• Data provided:
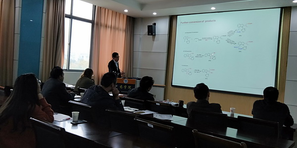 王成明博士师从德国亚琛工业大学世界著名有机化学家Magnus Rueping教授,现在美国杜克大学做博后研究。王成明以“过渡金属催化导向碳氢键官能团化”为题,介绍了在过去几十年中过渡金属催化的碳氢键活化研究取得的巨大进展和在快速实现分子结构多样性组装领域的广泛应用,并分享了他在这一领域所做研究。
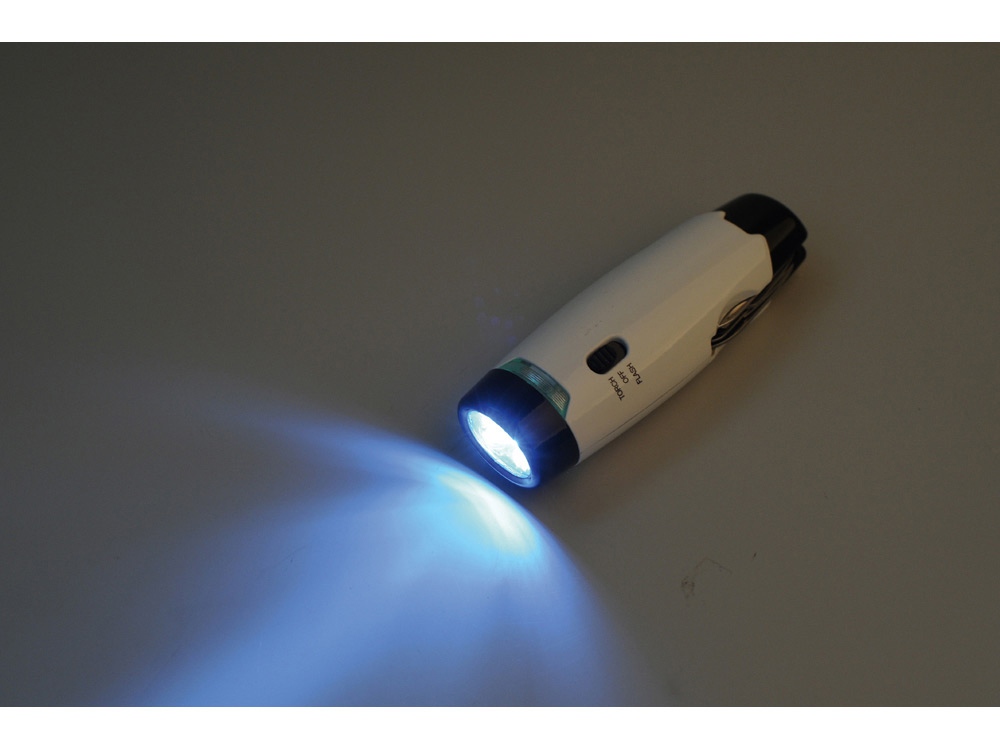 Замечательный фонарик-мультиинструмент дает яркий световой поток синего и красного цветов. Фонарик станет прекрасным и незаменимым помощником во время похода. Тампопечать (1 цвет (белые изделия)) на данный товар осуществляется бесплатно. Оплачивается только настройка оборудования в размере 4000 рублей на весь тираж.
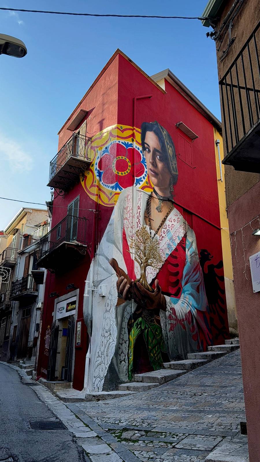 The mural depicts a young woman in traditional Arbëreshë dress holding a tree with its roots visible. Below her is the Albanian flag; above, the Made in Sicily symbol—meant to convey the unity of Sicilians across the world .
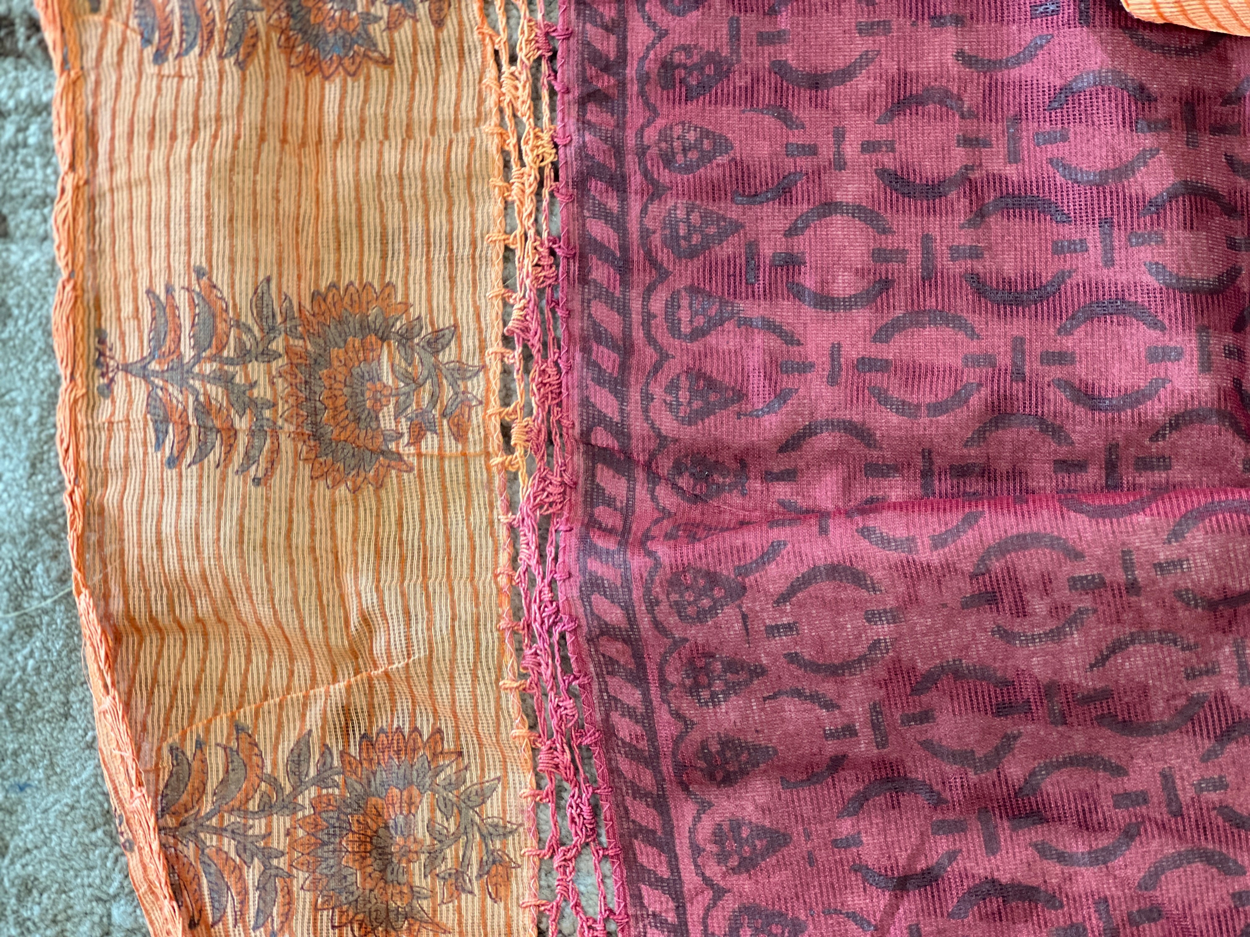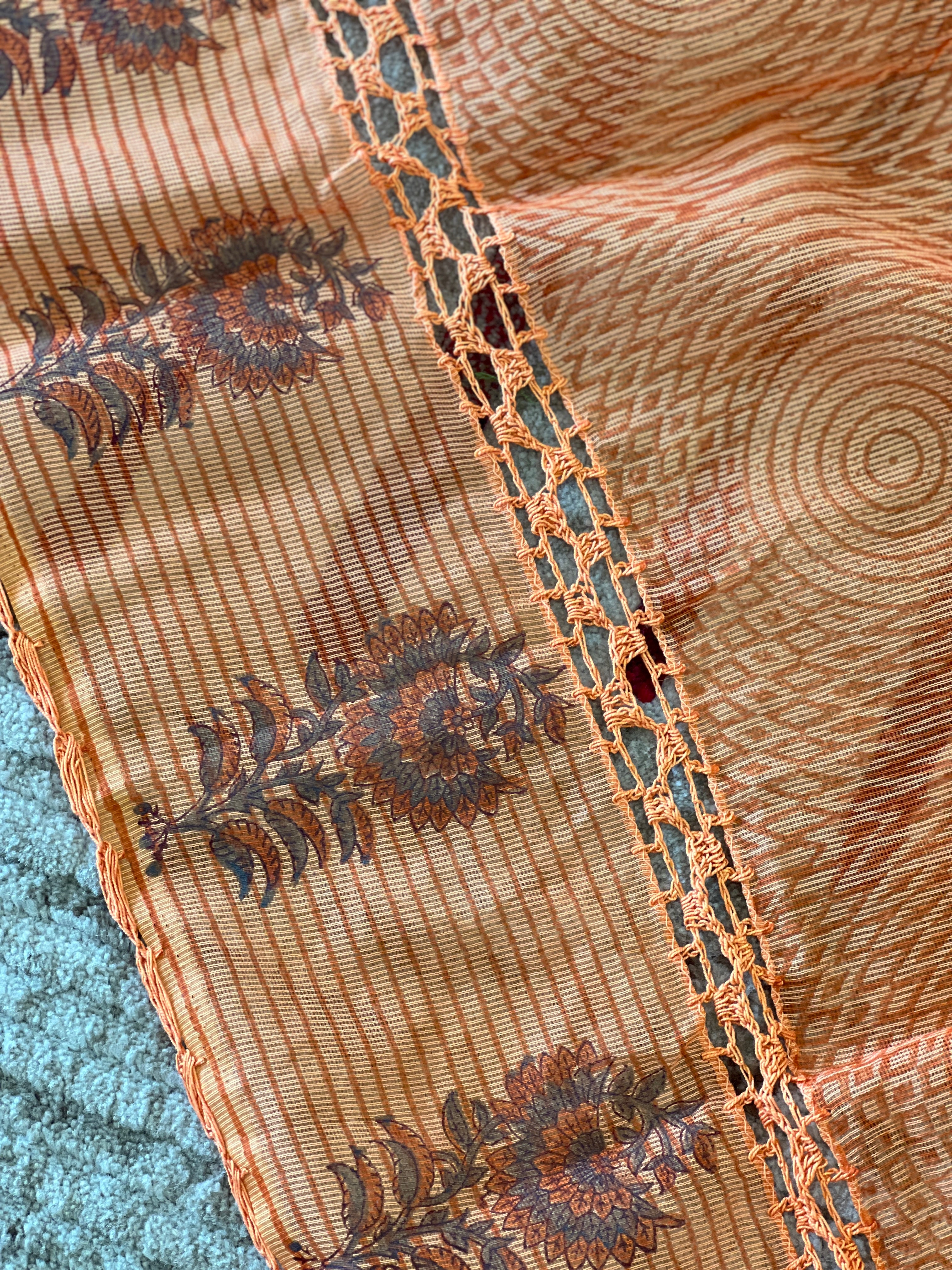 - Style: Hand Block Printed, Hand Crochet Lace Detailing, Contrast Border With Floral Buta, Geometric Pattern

• Work order: Everything from the line with "The mural depicts" through the last line of the listing above is to be copied exactly, both ends included, except the pictures.

• Answer to this exercise:
 The mural depicts a young woman in traditional Arbëreshë dress holding a tree with its roots visible. Below her is the Albanian flag; above, the Made in Sicily symbol—meant to convey the unity of Sicilians across the world .
 - Style: Hand Block Printed, Hand Crochet Lace Detailing, Contrast Border With Floral Buta, Geometric Pattern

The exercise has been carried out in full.